== What is being asked ==
When copying the listing below, skip every picture and keep each word as it stands.

== Exercise data ==
# # # # #

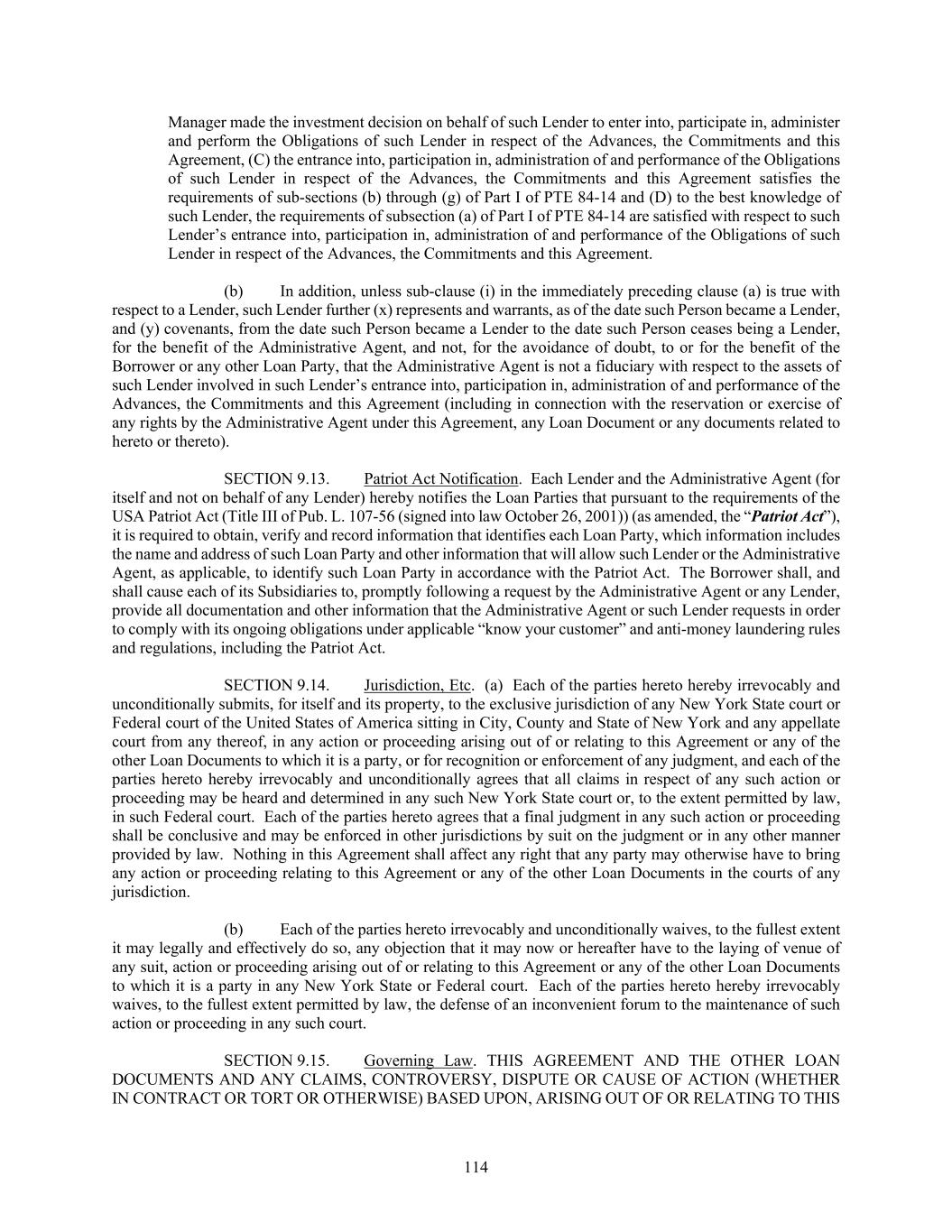 114 Manager made the investment decision on behalf of such Lender to enter into, participate in, administer and perform the Obligations of such Lender in respect of the Advances, the Commitments and this Agreement, (C) the entrance into, participation in, administration of and performance of the Obligations of such Lender in respect of the Advances, the Commitments and this Agreement satisfies the requirements of sub-sections (b) through (g) of Part I of PTE 84-14 and (D) to the best knowledge of such Lender, the requirements of subsection (a) of Part I of PTE 84-14 are satisfied with respect to such Lender’s entrance into, participation in, administration of and performance of the Obligations of such Lender in respect of the Advances, the Commitments and this Agreement. (b) In addition, unless sub-clause (i) in the immediately preceding clause (a) is true with respect to a Lender, such Lender further (x) represents and warrants, as of the date such Person became a Lender, and (y) covenants, from the date such Person became a Lender to the date such Person ceases being a Lender, for the benefit of the Administrative Agent, and not, for the avoidance of doubt, to or for the benefit of the Borrower or any other Loan Party, that the Administrative Agent is not a fiduciary with respect to the assets of such Lender involved in such Lender’s entrance into, participation in, administration of and performance of the Advances, the Commitments and this Agreement (including in connection with the reservation or exercise of any rights by the Administrative Agent under this Agreement, any Loan Document or any documents related to hereto or thereto). SECTION 9.13. Patriot Act Notification. Each Lender and the Administrative Agent (for itself and not on behalf of any Lender) hereby notifies the Loan Parties that pursuant to the requirements of the USA Patriot Act (Title III of Pub. L. 107-56 (signed into law October 26, 2001)) (as amended, the “Patriot Act”), it is required to obtain, verify and record information that identifies each Loan Party, which information includes the name and address of such Loan Party and other information that will allow such Lender or the Administrative Agent, as applicable, to identify such Loan Party in accordance with the Patriot Act. The Borrower shall, and shall cause each of its Subsidiaries to, promptly following a request by the Administrative Agent or any Lender, provide all documentation and other information that the Administrative Agent or such Lender requests in order to comply with its ongoing obligations under applicable “know your customer” and anti-money laundering rules and regulations, including the Patriot Act. SECTION 9.14. Jurisdiction, Etc. (a) Each of the parties hereto hereby irrevocably and unconditionally submits, for itself and its property, to the exclusive jurisdiction of any New York State court or Federal court of the United States of America sitting in City, County and State of New York and any appellate court from any thereof, in any action or proceeding arising out of or relating to this Agreement or any of the other Loan Documents to which it is a party, or for recognition or enforcement of any judgment, and each of the parties hereto hereby irrevocably and unconditionally agrees that all claims in respect of any such action or proceeding may be heard and determined in any such New York State court or, to the extent permitted by law, in such Federal court. Each of the parties hereto agrees that a final judgment in any such action or proceeding shall be conclusive and may be enforced in other jurisdictions by suit on the judgment or in any other manner provided by law. Nothing in this Agreement shall affect any right that any party may otherwise have to bring any action or proceeding relating to this Agreement or any of the other Loan Documents in the courts of any jurisdiction. (b) Each of the parties hereto irrevocably and unconditionally waives, to the fullest extent it may legally and effectively do so, any objection that it may now or hereafter have to the laying of venue of any suit, action or proceeding arising out of or relating to this Agreement or any of the other Loan Documents to which it is a party in any New York State or Federal court. Each of the parties hereto hereby irrevocably waives, to the fullest extent permitted by law, the defense of an inconvenient forum to the maintenance of such action or proceeding in any such court. SECTION 9.15. Governing Law. THIS AGREEMENT AND THE OTHER LOAN DOCUMENTS AND ANY CLAIMS, CONTROVERSY, DISPUTE OR CAUSE OF ACTION (WHETHER IN CONTRACT OR TORT OR OTHERWISE) BASED UPON, ARISING OUT OF OR RELATING TO THIS
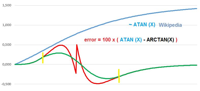 W.S. schrieb: > Was ist denn mit einer stückweisen quadratischen Annäherung? Geht beschissen, wegen der horizontalen Asymptote. Man muss in ewig viele Teilintervalle zerlegen. (Gut... ich hatte kubische Splines betrachtet. Macht keinen großen Unterschied in der Kernaussage.) > Etwas > rechnen können, wird auch der winzigste Winzigkontrolleur. Ein alter Vorschlag von gjlayde sagt, für Winkel über 45° die Beziehung atan(1/x) = 90 - atan(x) auszunutzen. Das ist clever, setzt aber effiziente Berechnung von 1/x voraus.
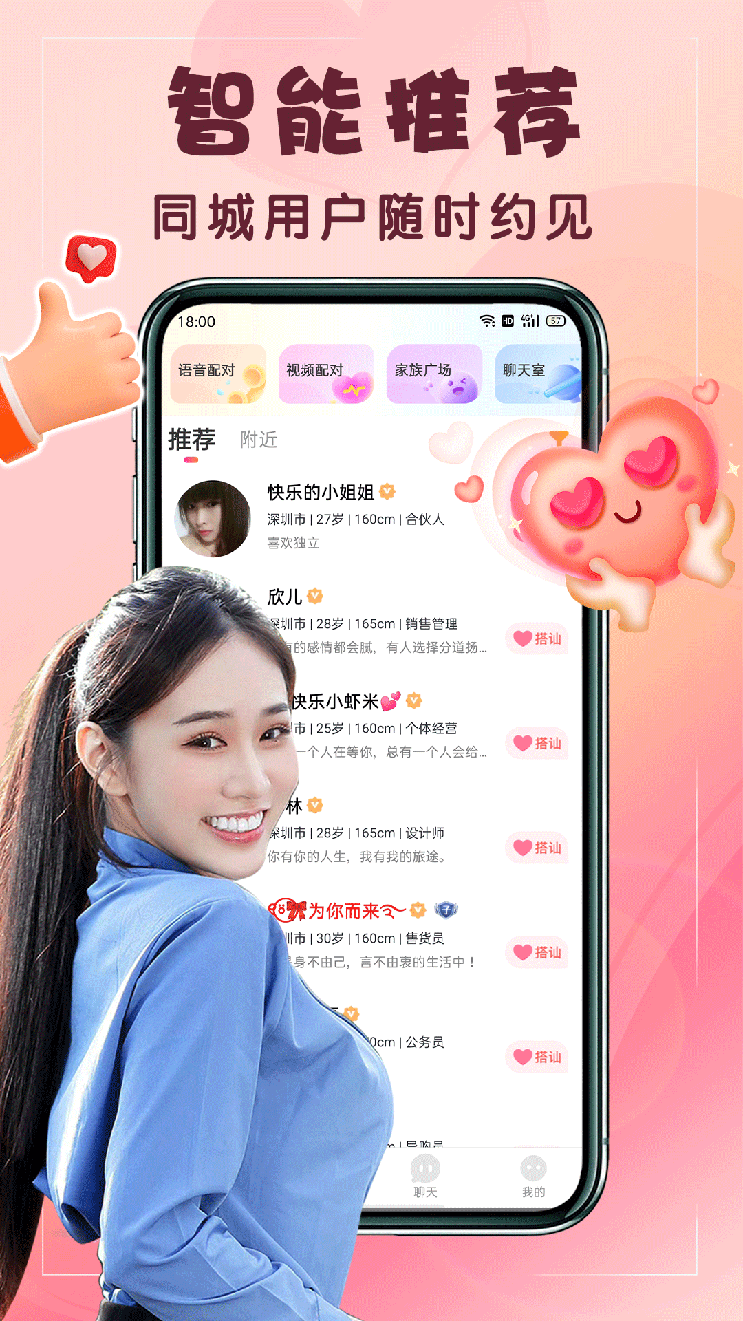 同城觅缘的交友约会非常自由,你可以在线上选择高颜值的妹子,线上尽情交友聊天,然后线下见面约会,带你走进成年人的交友空间。快来探寻附近有趣的灵魂,找个伴,马上告别单身生活吧。

# # # # #

== Written solution ==
 114 Manager made the investment decision on behalf of such Lender to enter into, participate in, administer and perform the Obligations of such Lender in respect of the Advances, the Commitments and this Agreement, (C) the entrance into, participation in, administration of and performance of the Obligations of such Lender in respect of the Advances, the Commitments and this Agreement satisfies the requirements of sub-sections (b) through (g) of Part I of PTE 84-14 and (D) to the best knowledge of such Lender, the requirements of subsection (a) of Part I of PTE 84-14 are satisfied with respect to such Lender’s entrance into, participation in, administration of and performance of the Obligations of such Lender in respect of the Advances, the Commitments and this Agreement. (b) In addition, unless sub-clause (i) in the immediately preceding clause (a) is true with respect to a Lender, such Lender further (x) represents and warrants, as of the date such Person became a Lender, and (y) covenants, from the date such Person became a Lender to the date such Person ceases being a Lender, for the benefit of the Administrative Agent, and not, for the avoidance of doubt, to or for the benefit of the Borrower or any other Loan Party, that the Administrative Agent is not a fiduciary with respect to the assets of such Lender involved in such Lender’s entrance into, participation in, administration of and performance of the Advances, the Commitments and this Agreement (including in connection with the reservation or exercise of any rights by the Administrative Agent under this Agreement, any Loan Document or any documents related to hereto or thereto). SECTION 9.13. Patriot Act Notification. Each Lender and the Administrative Agent (for itself and not on behalf of any Lender) hereby notifies the Loan Parties that pursuant to the requirements of the USA Patriot Act (Title III of Pub. L. 107-56 (signed into law October 26, 2001)) (as amended, the “Patriot Act”), it is required to obtain, verify and record information that identifies each Loan Party, which information includes the name and address of such Loan Party and other information that will allow such Lender or the Administrative Agent, as applicable, to identify such Loan Party in accordance with the Patriot Act. The Borrower shall, and shall cause each of its Subsidiaries to, promptly following a request by the Administrative Agent or any Lender, provide all documentation and other information that the Administrative Agent or such Lender requests in order to comply with its ongoing obligations under applicable “know your customer” and anti-money laundering rules and regulations, including the Patriot Act. SECTION 9.14. Jurisdiction, Etc. (a) Each of the parties hereto hereby irrevocably and unconditionally submits, for itself and its property, to the exclusive jurisdiction of any New York State court or Federal court of the United States of America sitting in City, County and State of New York and any appellate court from any thereof, in any action or proceeding arising out of or relating to this Agreement or any of the other Loan Documents to which it is a party, or for recognition or enforcement of any judgment, and each of the parties hereto hereby irrevocably and unconditionally agrees that all claims in respect of any such action or proceeding may be heard and determined in any such New York State court or, to the extent permitted by law, in such Federal court. Each of the parties hereto agrees that a final judgment in any such action or proceeding shall be conclusive and may be enforced in other jurisdictions by suit on the judgment or in any other manner provided by law. Nothing in this Agreement shall affect any right that any party may otherwise have to bring any action or proceeding relating to this Agreement or any of the other Loan Documents in the courts of any jurisdiction. (b) Each of the parties hereto irrevocably and unconditionally waives, to the fullest extent it may legally and effectively do so, any objection that it may now or hereafter have to the laying of venue of any suit, action or proceeding arising out of or relating to this Agreement or any of the other Loan Documents to which it is a party in any New York State or Federal court. Each of the parties hereto hereby irrevocably waives, to the fullest extent permitted by law, the defense of an inconvenient forum to the maintenance of such action or proceeding in any such court. SECTION 9.15. Governing Law. THIS AGREEMENT AND THE OTHER LOAN DOCUMENTS AND ANY CLAIMS, CONTROVERSY, DISPUTE OR CAUSE OF ACTION (WHETHER IN CONTRACT OR TORT OR OTHERWISE) BASED UPON, ARISING OUT OF OR RELATING TO THIS
 W.S. schrieb: > Was ist denn mit einer stückweisen quadratischen Annäherung? Geht beschissen, wegen der horizontalen Asymptote. Man muss in ewig viele Teilintervalle zerlegen. (Gut... ich hatte kubische Splines betrachtet. Macht keinen großen Unterschied in der Kernaussage.) > Etwas > rechnen können, wird auch der winzigste Winzigkontrolleur. Ein alter Vorschlag von gjlayde sagt, für Winkel über 45° die Beziehung atan(1/x) = 90 - atan(x) auszunutzen. Das ist clever, setzt aber effiziente Berechnung von 1/x voraus.
 同城觅缘的交友约会非常自由,你可以在线上选择高颜值的妹子,线上尽情交友聊天,然后线下见面约会,带你走进成年人的交友空间。快来探寻附近有趣的灵魂,找个伴,马上告别单身生活吧。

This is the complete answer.